Viv: You have said you use life experiences in your writing. What are some of the “experiences” you are talking about?
Vivian: Which life do you mean? I’ve been a child, a teen, a college student, a bride and young wife, a new mother, the "agony" in the lives of teenagers, an old mother, a carhop, an office worker and a manager, a teacher, a retired grandmother, and now a writer. Each component that makes up “me,” whoever or whatever I may be, is part of my life’s experience. I’ve worked with children, teens, and adults. I’m the wife of a man who has been in poor health for over thirty years, and who was close to death. I’m the mother of three grown children and the “adopted” mother of others. In October, my tenth grandchild is scheduled to join the family. I have two great-grandchildren.
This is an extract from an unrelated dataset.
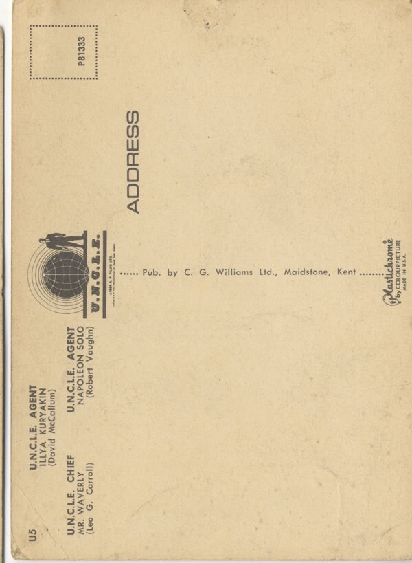 The Man From UNCLE Robert Vaughn David McCallum ?Leo G. Carroll Vintage Original Postcard VG/Near Mint Condition This is an authentic original vintage postcard, a real collectors’ item. Postcards typically measure between 3.5 x 5 inches (9x12 cm approx) to 4.5 x 7 inches (12x18 cm approx). Silver Screen Mementos are gradually releasing thousands of Original Photographs, Transparencies, Slides, Lobby Cards, Magazines, Movie Posters and other entertainment memorabilia from its historic archives.

I’ve lived long and hard, enjoying most of the miles but not the sudden stops. Just my years of living, alone, give me enough material to write at least 100 more poems, thirty stories, and another novel or two. Then add my wild and vivid imagination, and the outcome becomes rather unique.

Viv: Was teaching your first love? If yes, how did that passion develop? If no, how did you decide to become a teacher?
Vivian: I knew that I would be a teacher when I was twelve-years old. I think I was born an old woman, knowing and understanding things that others my age didn't know or care about. I wanted to "help" others. It took years and a couple of detours before I obtained that degree, since I only finished one semester of college after high school. Thirteen years later, I registered in the local university, finishing my degree with a double major in one and a half years. My recommendation? Don't try that condensed time for a degree; it's murder.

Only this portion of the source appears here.